The LiteRT CompiledModel API is available in Python, offering a high-level
interface for compiling and running TFLite models with the LiteRT runtime.
The following guide shows basic CPU inference with the CompiledModel Python
API.
Install the pip package
Install the LiteRT pip package in your Python environment:
pip install ai-edge-litert
Basic inference
Create CompiledModel
Create a compiled model from a .tflite file. The current Python wrapper
compiles for CPU by default.
from ai_edge_litert.compiled_model import CompiledModel
model = CompiledModel.from_file("mymodel.tflite")
You can also create a compiled model from an in-memory buffer:
from ai_edge_litert.compiled_model import CompiledModel
with open("mymodel.tflite", "rb") as f:
model = CompiledModel.from_buffer(f.read())
Create Input and Output Buffers
Create the necessary data structures (buffers) to hold the input data that you will feed into the model for inference, and the output data that the model produces after running inference.
signature_index = 0
input_buffers = model.create_input_buffers(signature_index)
output_buffers = model.create_output_buffers(signature_index)
The signature_index value of 0 selects the first signature in the model.
If you are using CPU memory, fill the inputs by writing NumPy arrays directly into the input buffers.
import numpy as np
input_data = np.array([[1.0, 2.0, 3.0, 4.0]], dtype=np.float32)
input_buffers[0].write(input_data)
Invoke the model
Providing the input and output buffers, run the model.
model.run_by_index(signature_index, input_buffers, output_buffers)
Retrieve Outputs
Retrieve outputs by directly reading the model output from memory.
import numpy as np
# Replace num_elements with the size of your model's output tensor.
num_elements = 4
output_array = output_buffers[0].read(num_elements, np.float32)
Use TensorBuffer
LiteRT provides built-in support for I/O buffer interoperability through the
TensorBuffer API, which supports writing NumPy arrays (write) and reading
NumPy arrays (read). Supported dtypes are np.float32, np.int32, and
np.int8.
You can also create a buffer backed by existing host memory:
import numpy as np
from ai_edge_litert.tensor_buffer import TensorBuffer
input_array = np.array([[1.0, 2.0, 3.0, 4.0]], dtype=np.float32)
input_buffer = TensorBuffer.create_from_host_memory(input_array)

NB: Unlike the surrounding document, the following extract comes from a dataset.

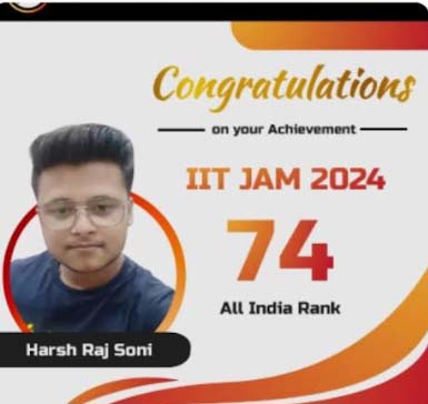 खास बात ये है कि उन्होंने बिना कोचिंग किए ही अच्छा रैंक हासिल किया है। इसके पहले 12 फरवरी 2023 में इसका एग्जाम दिलाया था। इसके लिए कोचिंग भी किया। लेकिन एग्जाम शुरु होने के 2 दिन पहले ही तबीयत खराब हो गई। घबराहट में पेपर बिगड़ गया। इससे कम रैंक 824 ही आया था। उसके बाद फिर से हार न मानकर फिर से तैयारी में जुट गया। जहां 11 फरवरी 2024 को एग्जाम दिलाया। इस तरह दूसरे प्रयास में उन्होंने कड़ी मेहनत कर बेहतर रैंक हासिल किया। उनकी बेहतर रैंक आने पर कॉलेज के प्राचार्य ने गुलदस्ता भेंट कर सम्मानित किया। हर्षराज सोनी के पिता श्री संतोष कुमार सोनी एवं माता श्रीमती सोभा देवी सोनी दरबारीटोली में निवास करते हैं। आईआईटी में आल इंडिया रैंक में 74 वां रैंक हासिल करने पर माता-पिता बहुत खुश है। उन्होंने बताया कि हर्षराज को बैंगलोर साइंटिस्ट एजुकेशन में प्रवेश के लिए चुना गया है।
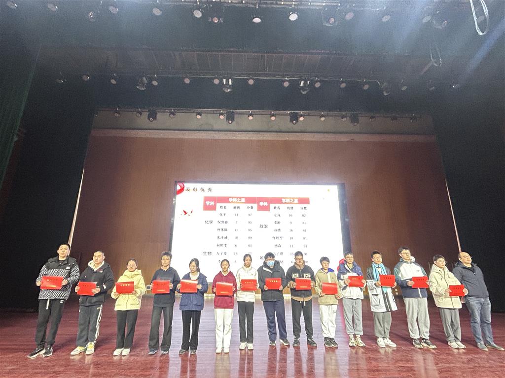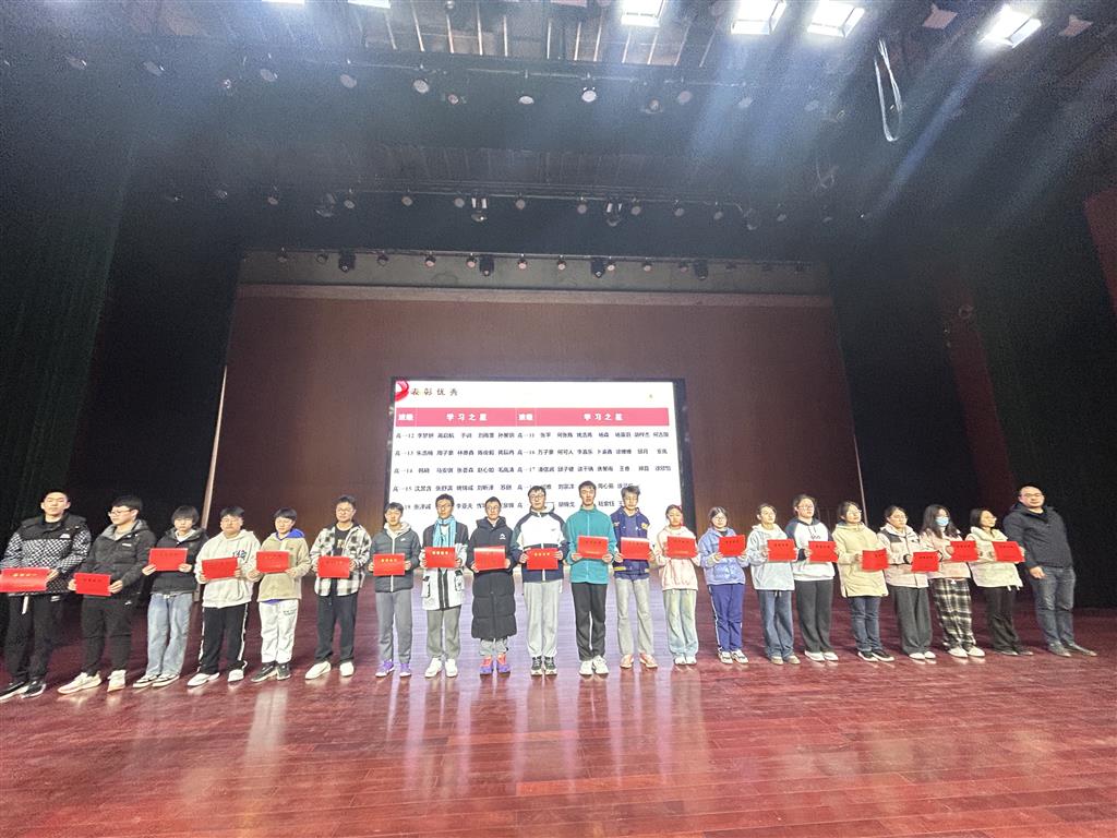 会议的第一项议程进行了优秀学生的表彰。在激昂的颁奖乐曲和全体师生热烈的掌声中,各班涌现出的“学习之星”、“勇毅之星”、“学科之星”依次上台,接过象征荣誉的奖状。他们以笔为剑,以墨为锋,在书山学海中砥砺前行。优异的成绩源于日复一日的专注与坚持,他们是当之无愧的学习榜样!

To run by signature name, first inspect the model signatures and then supply
maps from input/output names to TensorBuffer instances:
from ai_edge_litert.tensor_buffer import TensorBuffer
signatures = model.get_signature_list()
# Example signature structure:
# {"serving_default": {"inputs": ["input_0"], "outputs": ["output_0"]}}
input_buffer = TensorBuffer.create_from_host_memory(input_array)
output_buffer = model.create_output_buffer_by_name("serving_default", "output_0")
model.run_by_name(
"serving_default",
{"input_0": input_buffer},
{"output_0": output_buffer},
)
For a more complete view of how the TensorBuffer API is implemented, see the source code at TensorBuffer.